The Player's merc band in the 2018 game is influenced by Comstar in some fashionLet us count the ways:
- We have the Argo, a Lostech (civilian) Dropship of great value.
- During the Story campaign, we recover Star League knowledge in the form of a memory core...
- ...and commandeer Royal-class SLDF mechs recovered from a Castle Brian.
- Our campaign leads us to play Kingmaker, pitting us against a Directorate that resorts to brutalities that might remind some people of the Usurper Amaris in order to put a grateful and more moderate princess on her throne.
- A Poison Oak hypothesis that ties in to this is that the Kamea Arano the player interacts with after recovering the Argo is NOT the real Princess but is in fact a Comstar doppleganger. This hypothesis has its roots in the canon novels happening in the same time period, where Comstar influences Capellan black ops into running an attempt to Kill and Replace Hanse Davion with a body double imposter. Naturally, Madeira is a Comstar agent running as a handler for both her and yourself, as you are groomed into being effectively a Comstar-loyal successor for Mastiff. The coup was really the opportunity that Comstar took when Victoria's forces actually did kill the original Kamea shooting down her dropship, with the doppleganger neatly reappearing after a sufficient time period to pretend that she faked her death.
- Another possible hypothesis is that Farah Murad, specifically, is an undercover Comstar operative:
- She's described as a "wunderkind" skilled in bringing dead ships back to life - exactly the sort of person that Comstar would either kill or recruit.
- Her skills could have made her an enormous asset for any of the Successor States, but she was somehow able to freely move between the Free Worlds League, Lyran Commonwealth, Capellan Confederation, and Magistracy of Canopus, without ever be tied down by one of those factions.
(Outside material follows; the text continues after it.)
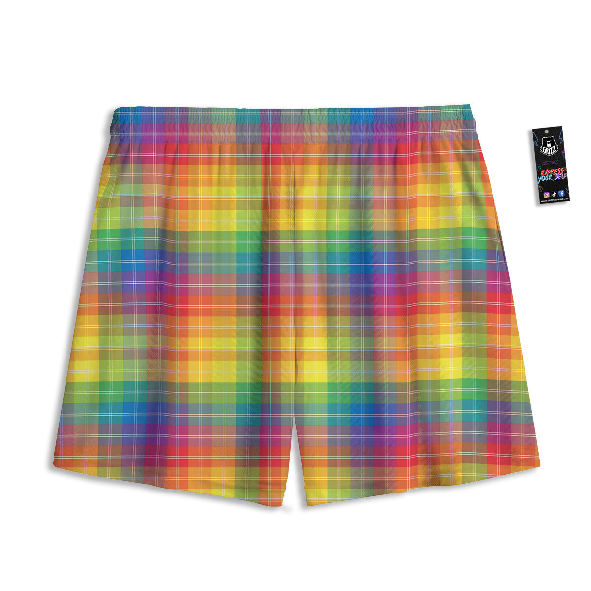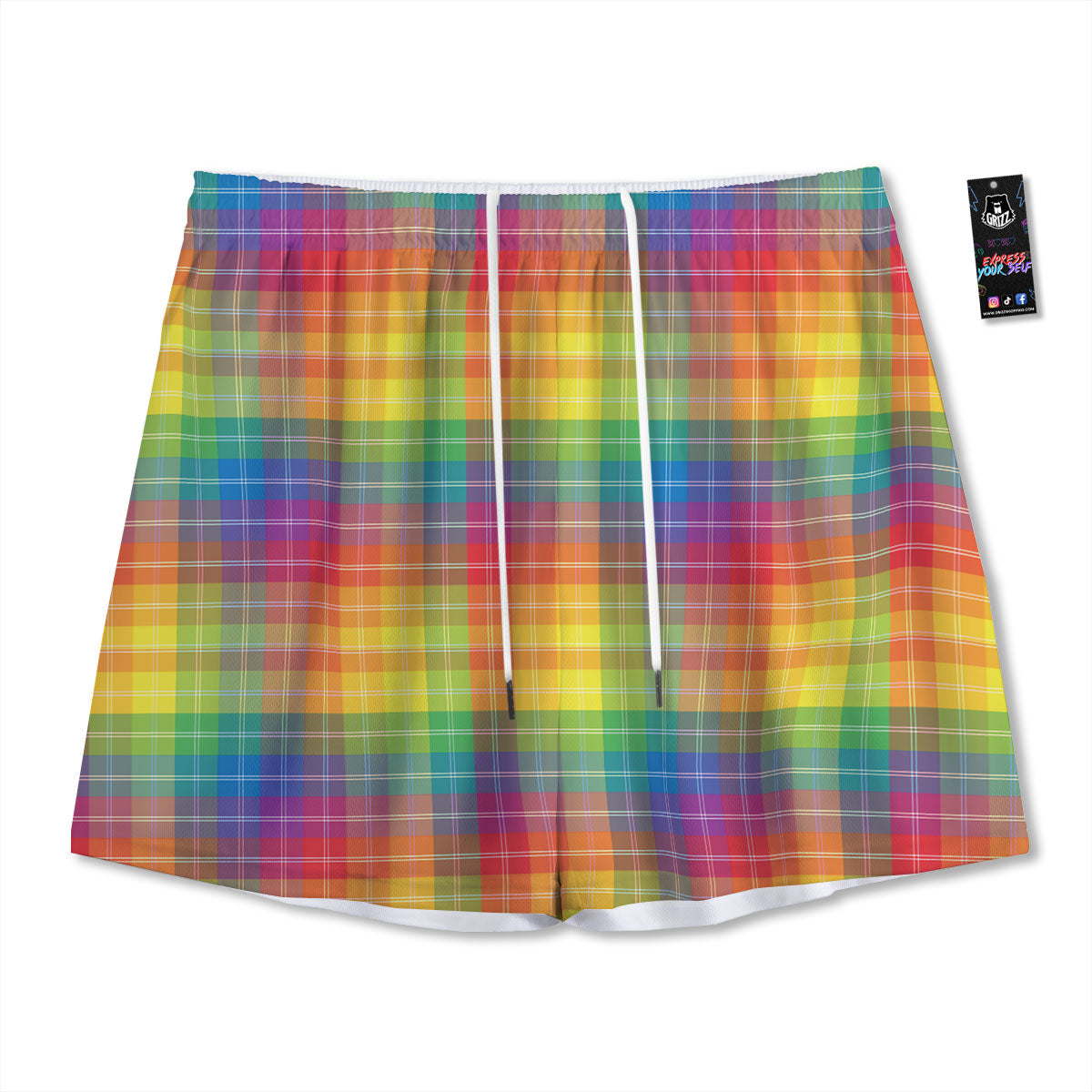 Rainbow Plaid LGBT Pride Print Pattern Mesh Shorts

- She effectively sabotages the mission to Castle Nautilus by unleashing the locura, attracting the attention of the Taurians and forcing Yang to destroy the facility (and the potential Lostech inside it) in order to prevent it from falling into enemy hands.
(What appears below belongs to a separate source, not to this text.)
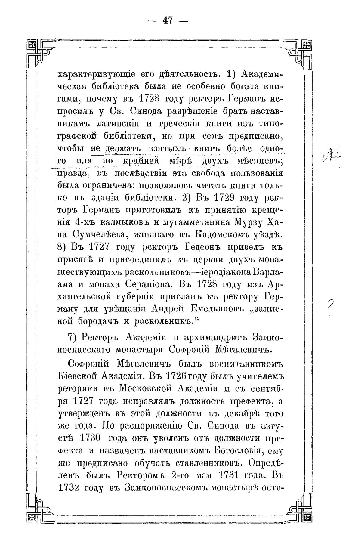 8) Въ 1727 году ректоръ Гедеонъ привелъ кь
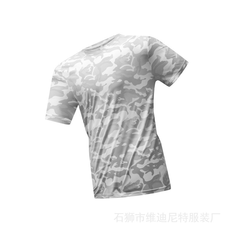 クロスボーダー人気のグラデーション迷彩プリントアイスシルクTシャツメンズ夏薄手スポーツルーズ大きいサイズアウター半袖

- She traps the locura inside the black box that led you to Castle Nautilus in the first place, rendering it unusable.
As an extension of the idea that Comstar has a deliberate hand in the Aurigan Reach politics, they also hid as much knowledge about the region as they could.Star charts of the Inner Sphere in the later decades would continue to hold a small region between the Capellans, the Canopians, and the Taurians that would remain outside their control all the way into the Dark Ages - perhaps Comstar decided to keep a significant portion of the politics there under control and out of sight of the Federated Commonwealth and the Clans. This region also implies that the Aurigan Reach ceded some worlds to the Taurians at some point, then claimed other worlds that were lost when the Taurian Concordat broke up in the Dark Ages.